+++ Dataset section

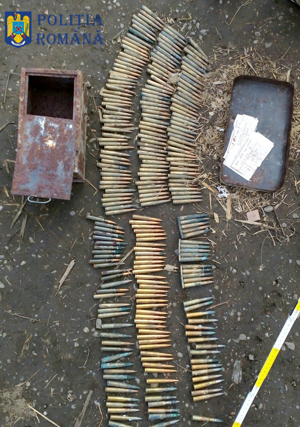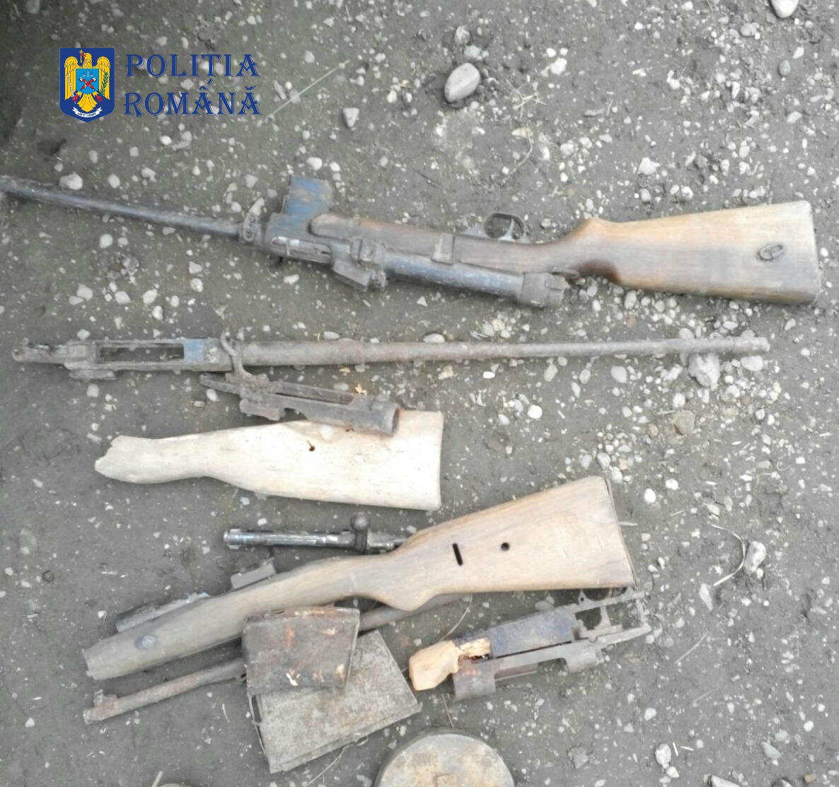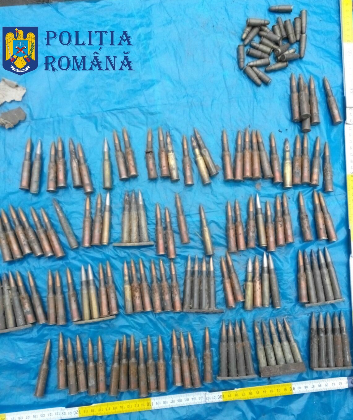 Poliţiştii Serviciului Arme, Explozivi şi Substanţe Periculoase au intervenit la faţa locului unde au identificat mai multe arme şi componente de arme, precum şi o cantitate însemnată de muniţie şi elemente de muniţie (aproximativ 1.400 de cart
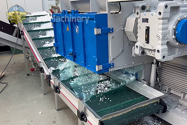 Professionel shredder med én aksel, der leverer en kapacitet på 800-1000 kg/t med 102 præcisionsrotorknive, ideel til genbrug af PE-film og materialereduktion. Det komplette system omfatter påfyldningstransportør, metaldetektor og afgangstransportør til nøglefærdig produktionsintegration.
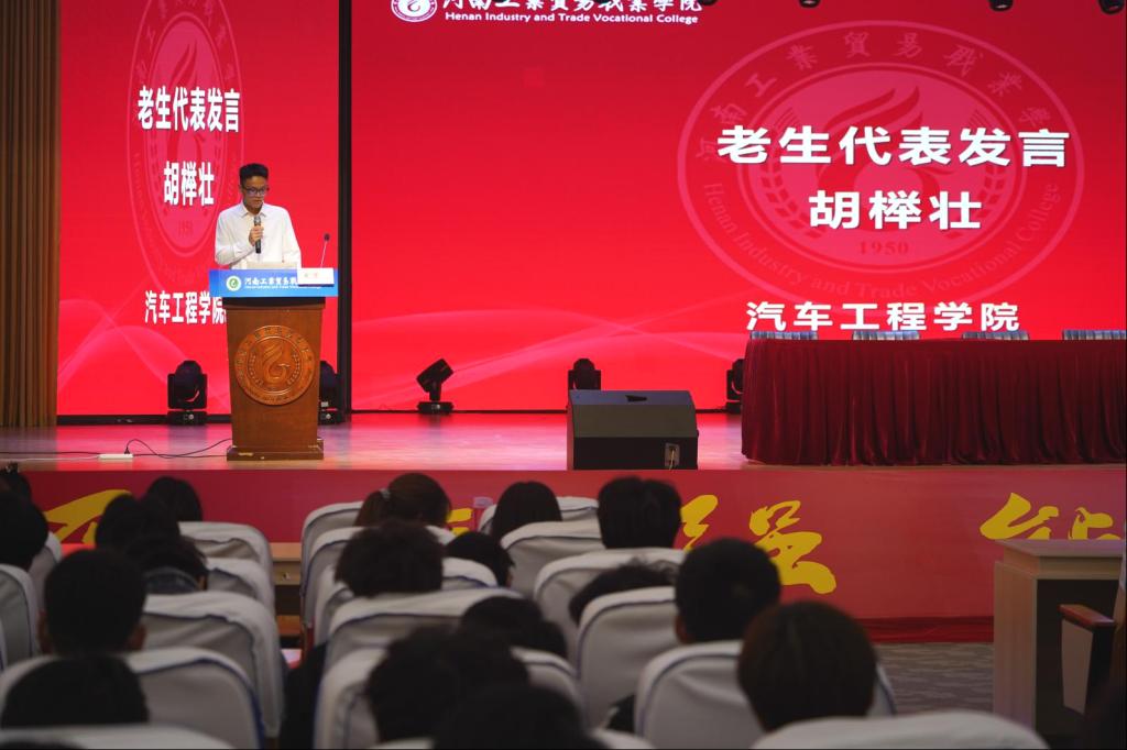 优秀学生代表胡榉壮分享了自己的学习经验和大学生活感悟。他从学习规划、社团活动、社会实践等方面为新生们提供了宝贵的建议,鼓励大家积极进取,勇于挑战自我,在大学这个广阔的舞台上实现自己的梦想。

++++++

What is required:
Copy every line above exactly; images stay out.

Written reply:
 Poliţiştii Serviciului Arme, Explozivi şi Substanţe Periculoase au intervenit la faţa locului unde au identificat mai multe arme şi componente de arme, precum şi o cantitate însemnată de muniţie şi elemente de muniţie (aproximativ 1.400 de cart
 Professionel shredder med én aksel, der leverer en kapacitet på 800-1000 kg/t med 102 præcisionsrotorknive, ideel til genbrug af PE-film og materialereduktion. Det komplette system omfatter påfyldningstransportør, metaldetektor og afgangstransportør til nøglefærdig produktionsintegration.
 优秀学生代表胡榉壮分享了自己的学习经验和大学生活感悟。他从学习规划、社团活动、社会实践等方面为新生们提供了宝贵的建议,鼓励大家积极进取,勇于挑战自我,在大学这个广阔的舞台上实现自己的梦想。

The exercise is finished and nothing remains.